A representative MA plot for (A) before and (B) after LOWESS normalization. Each dot represents a probe on the microarray. The red line is the line of best fit through all data points.

Quality assessment and control of microarray data

The background for each array was assessed using the negative control 3xSLv1 probe, which forms a hair pin and does not hybridize well with labeled samples. There are 182 technical replicates of this probe distributed across the microarray. The trimmed mean (trim = 0.05) and standard deviation was used to measure the background fluorescence and background variability for each array. Using trimmed statistics reduces the effects of outliers that may be present. This is done by removing a percentage of the largest and smallest values before calculating the statistics. Fig. 2 provides a visual representation of these estimates. Arrays with background fluorescence that fell outside of these ranges were repeated.

Fig. 2

Background estimates of each array for reference (Cy3, green) and sample (Cy5, red) mean fluorescent signal of the 3xSLv1 negative control probe (n = 182 probes). Error bars = standard deviation; FLU = fluorescent units.
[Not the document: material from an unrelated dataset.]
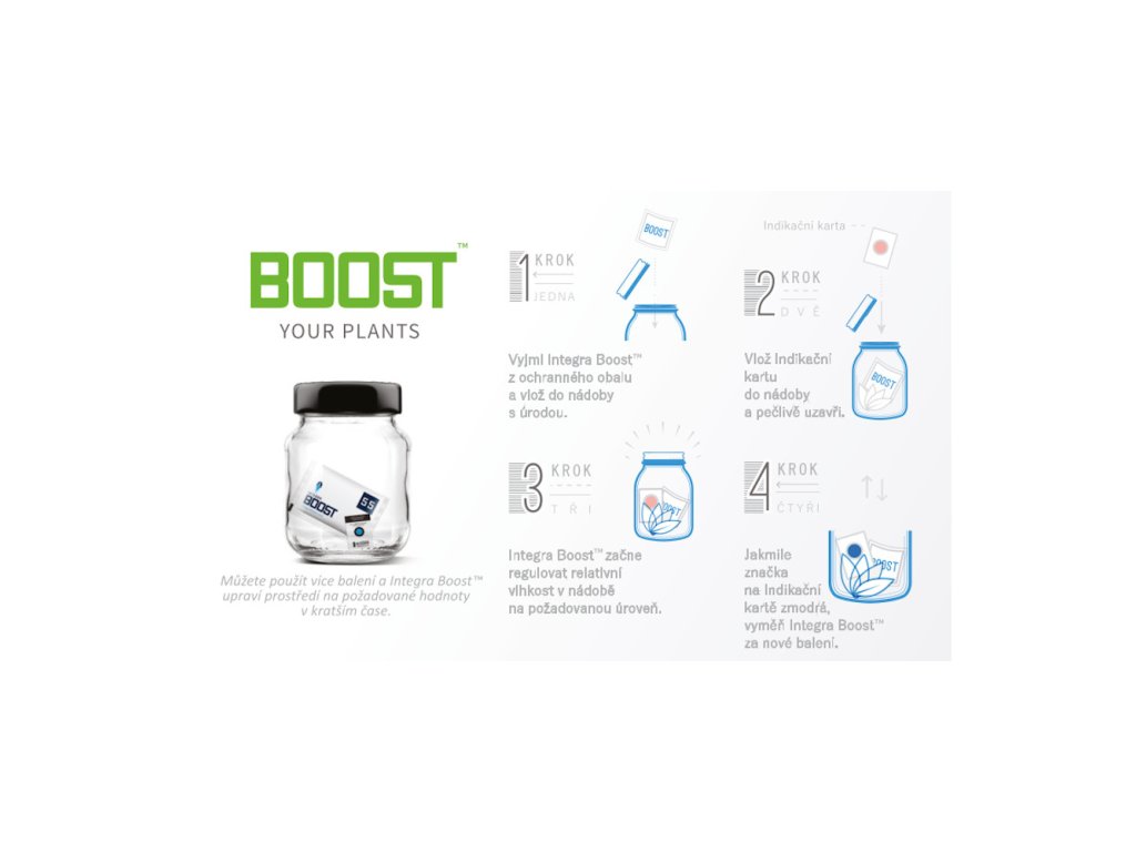 - Integra Boost neslouží jako médium na sušení rostlin, ale pro oboustrannou kontrolu vlhkosti.

To identify microarrays with poor data quality, hierarchical clustering analysis with average linkage (a method for calculating distance between clusters that averages over all pairs of objects between two clusters) was performed in R software (hclust function in the stats library) using the normalized log ratios (M values) for all probes (Fig. 3). Since the majority of probes will not be differentially expressed in response to the treatment, the expectation is that there will be no differences between samples. To obtain a fair inter-array comparison, signal intensities were adjusted to control for slide effect (i.e. to control for slide-to-slide variation in signal intensity that occurs as an artifact of experimental conditions, as opposed to a real treatment-related effect) using a linear model, which subtracted the estimated slide effect from the log ratios. One minus the Pearson correlation was used as the measure of dissimilarity. The original dendrogram was cut at 0.3, which has 6 clusters. The 5 samples that clustered separately (at the top) were considered outliers and were then repeated.

Fig. 3

Hierarchical clustering of all probes based on normalized signal intensity ratios. The red line and bracket delineate outlier arrays, which were repeated (repeated arrays are indicated by arrows). Colored boxes represent dose groups where orange, lime, green, aqua-green, and light blue are the 0, 1, 2, 4, and 8 mg/kg bw groups; and, royal blue, purple, and pink are the 0, 1, and 8 mg/kg bw + BrdU groups.

Upon repetition and/or removal of outlying arrays (arrays with high background, systematic dye variation, or poor hybridization efficiency), the final sample sizes used for gene expression analysis were n = 5, 4, 5, 4, and 5 for the non-BrdU 0, 1, 2, 4, and 8 mg/kg bw furan dose groups, respectively; and n = 4, 5, 5 for the 0, 1, and 8 mg/kg bw furan + BrdU groups, respectively. Gene expression analysis was not conducted for the 2 and 4 mg/kg furan + BrdU animals.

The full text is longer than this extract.